Наше уединение прерывают. В палату без стука заходит мужчина в халате — мой лечащий врач. Я ещё больше смущаюсь, понимаю, в какой позе нас застал посторонний человек. Зарываюсь лицом в грудь Полонского, закрываюсь.
— Молодые люди, у вас всё в порядке? — голос врача не злой, хотя после того, что здесь произошло, он мог и накричать, выгнать брата вон, вызвать полицию. От последнего становится вновь страшно, а моё сердце начинает вновь колотиться от страха за дорогого человека.
Хоть и Давид сказал, что он взрослый и ему ничего угрожает, но я всё равно переживаю и боюсь.

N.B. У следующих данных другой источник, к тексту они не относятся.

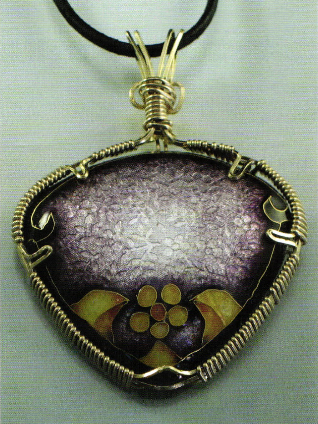 | Purple Gold Cloisonne Pendant Gold cloisonné Three wires, bail on top, whole wrapping with prongs. |
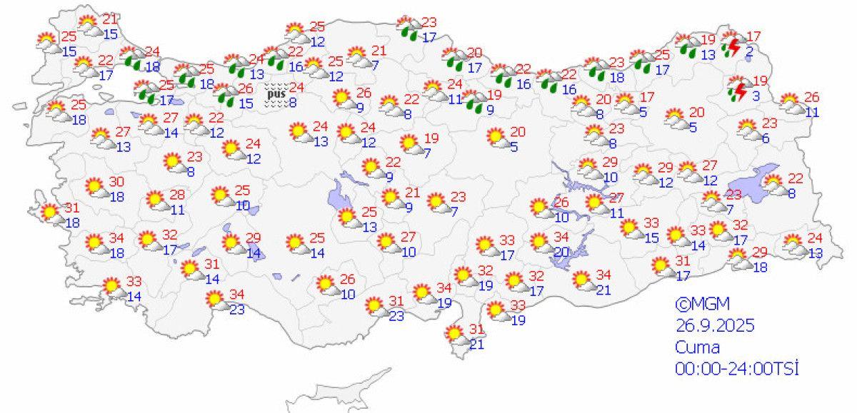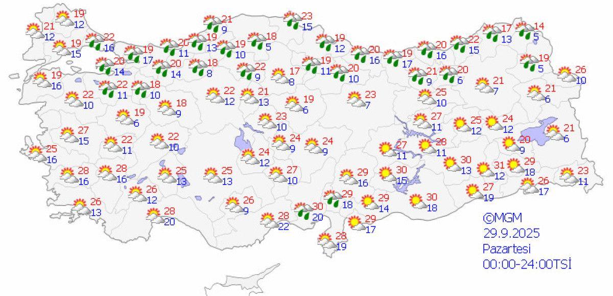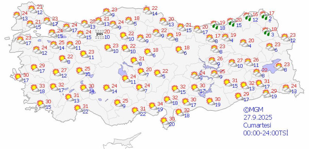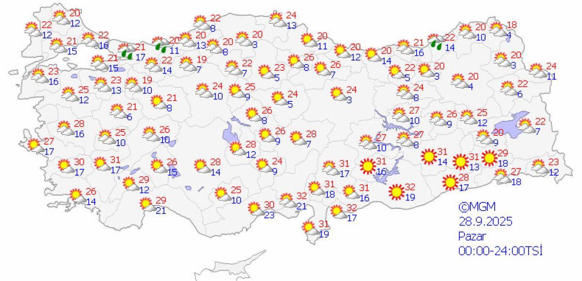 Hava sıcaklıklarının cuma gününden itibaren hissedilir derecede azalarak mevsim normallerinin 4-5 derece altına düşeceği, beklenen en düşük ve en yüksek sıcaklıkların 15-22 derece ortasında olacağı iddia ediliyor.

— Да, всё хорошо, господин Макарский, — подтверждает брат, сильнее прижимает меня к себе и бережно начинает в успокаивающим жесте гладить меня по спине, как и я его какое-то время назад.
— Хорошо, молодые люди. С мужчиной мы разберёмся, но вы же понимаете…
Давид его перебивает:
— Мы понимаем и заявление напишем и не только по этому случаю.
Резко поднимаю взгляд на брата, не понимая, о чём он говорит. О каком заявлении идёт речь?
Хмурюсь, сверля взглядом лицо Полонского, который не обращает на меня никакого внимания, продолжая разговаривать с моим лечащим врачом. О чём-то разговаривают, а я ничего не слышу, словно в каком-то вакууме после слов этого человека. Если он о заявлении в полицию по поводу аварии и случая здесь, в стенах клиники, то я не хочу ничего этого.
Не хочу проблем. Не хочу и дальше вариться в этой грязи, видеть Ветрова, который испортил мне жизнь, ведь я этого не заслужила. Я не хочу его больше никогда видеть. Даже мимолётно сталкиваться с этим человеком. Но, кажется, брат уже всё за меня решил, и я уже ничего не могу изменить.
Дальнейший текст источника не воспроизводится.